StatBot.Swiss: Bilingual Open Data Exploration in Natural Language
Farhad Nooralahzadeh, Yi Zhang, Ellery Smith, Sabine Maennel, Cyril Matthey-Doret, Raphaël de Fondville, Kurt Stockinger
TL;DR
StatBot.Swiss introduces the first bilingual Text-to-SQL benchmark by compiling 455 NL/SQL pairs over 35 real Swiss databases in English and German, derived from opendata.swiss. The authors evaluate GPT-3.5-Turbo-16k and Mixtral-8x7B-Instruct using in-context learning with varied exemplar selection, extending Spider hardness with an additional 'unknown' category to capture real-world query complexity.
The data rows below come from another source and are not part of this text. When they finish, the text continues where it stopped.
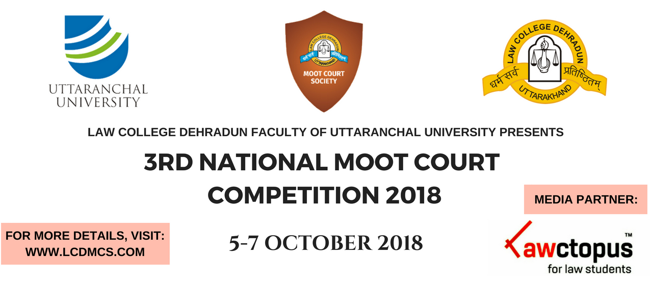 Law College Dehradun, faculty of Uttaranchal University delightedly announces the 3rd edition of its National Moot Court Competition on Constitutional Law and solicits the participation of LLB (3/5 years course) and LLM students from Law Universities/Colleges in India to this thought-provoking and intellectually-satisfying voyage scheduled for 5-7 October 2018 at Dehradun in the lap of Devboomi Uttarakhand.
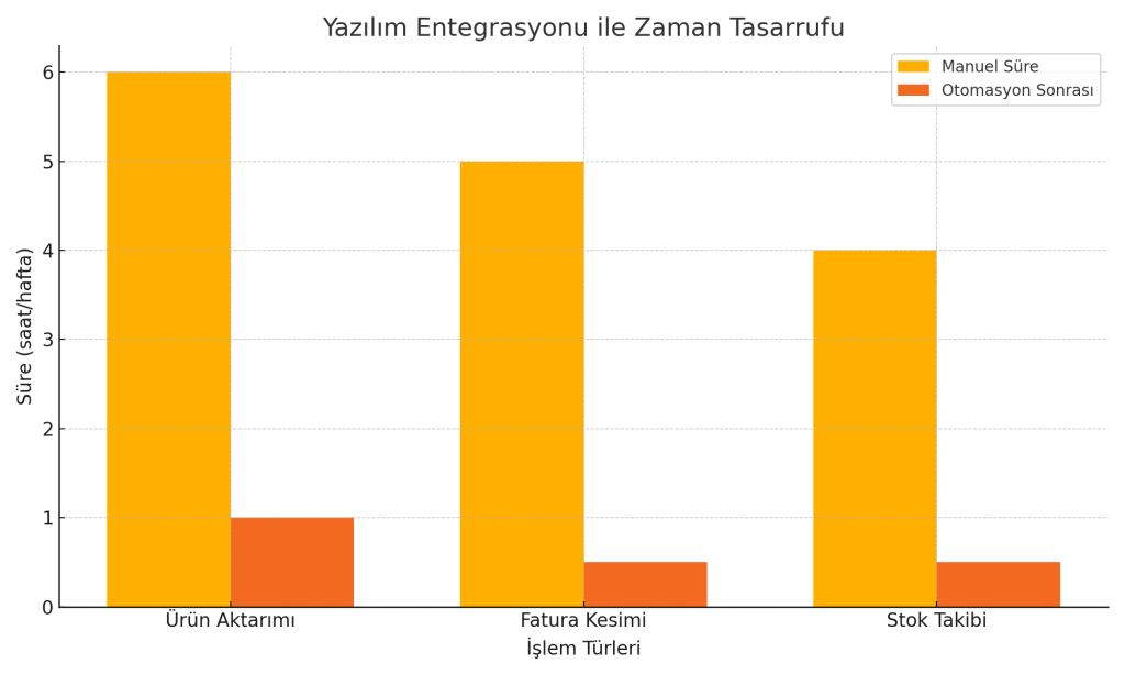 - Otomatik ürün aktarımı, fatura kesme, stok takibi
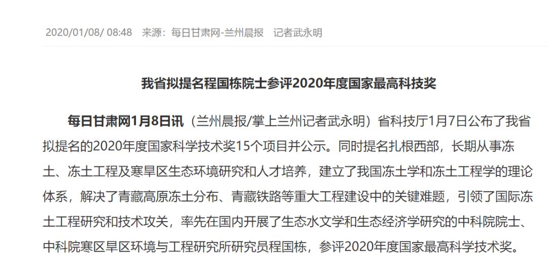 出于好奇,我在网上搜一下程国栋,发现了这样一条新闻:
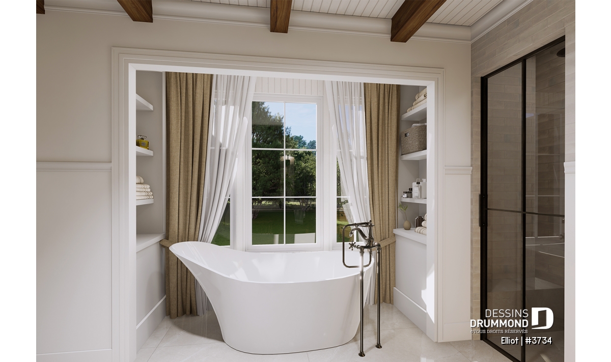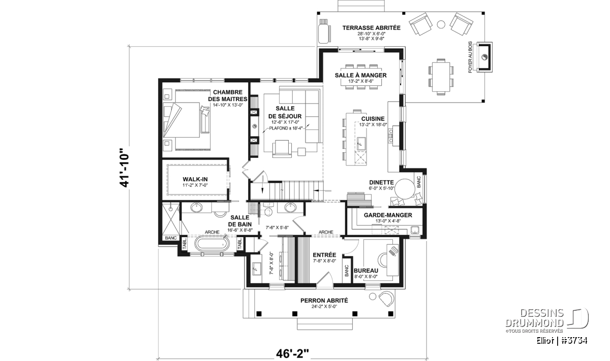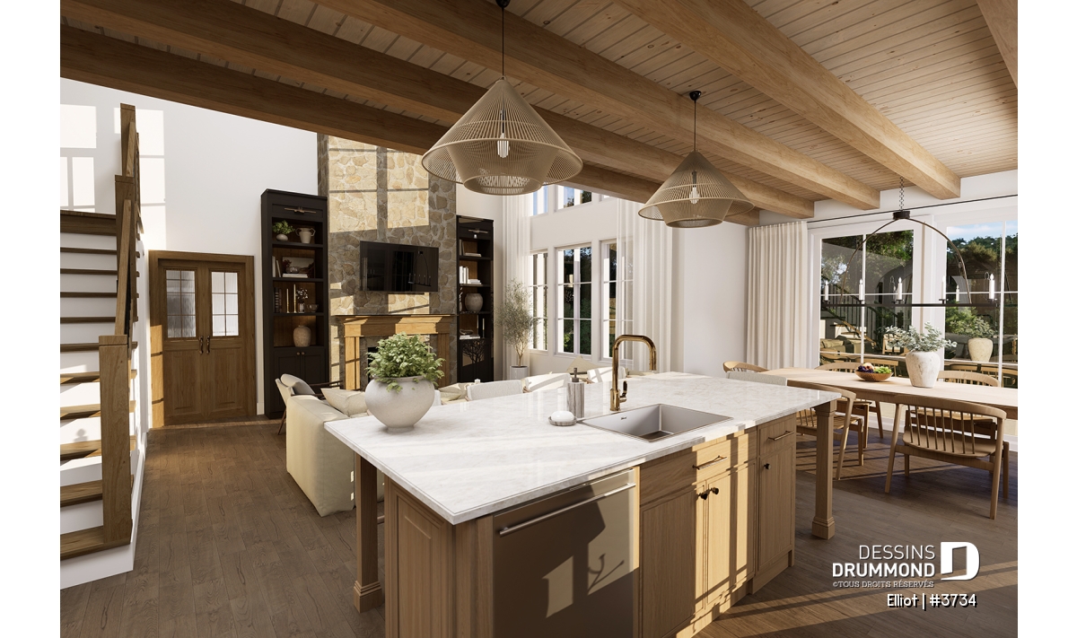 Arche, Dinette / Coin déjeuner, Foyer, Galerie 2-3 côtés, Garde-manger, Ouvert sur 2 étages, Banquette, Bureau / Salle étude, Bain et douche séparés, Suite des maîtres au rdc, Walk-in ch. maîtres, Meuble(s) encastré(s), Aire ouverte, Ilôt, Plafond à plus de 8', Terrasse abritée, Lavabo double, Tablettes, Plafond en pente

Results show that current LLMs achieve limited exact-match translation, with mean strict execution accuracy around the low tens in zero-shot and modest gains in few-shot prompts, while soft and partial metrics reveal partial progress toward user intents. The work highlights the need for improved multilingual prompting, larger and more diverse bilingual datasets, and future cross-lingual Text-to-SQL research, offering a robust baseline for bilingual real-world applications.
Abstract
The potential for improvements brought by Large Language Models (LLMs) in Text-to-SQL systems is mostly assessed on monolingual English datasets. However, LLMs' performance for other languages remains vastly unexplored. In this work, we release the StatBot.Swiss dataset, the first bilingual benchmark for evaluating Text-to-SQL systems based on real-world applications. The StatBot.Swiss dataset contains 455 natural language/SQL-pairs over 35 big databases with varying level of complexity for both English and German. We evaluate the performance of state-of-the-art LLMs such as GPT-3.5-Turbo and mixtral-8x7b-instruct for the Text-to-SQL translation task using an in-context learning approach. Our experimental analysis illustrates that current LLMs struggle to generalize well in generating SQL queries on our novel bilingual dataset.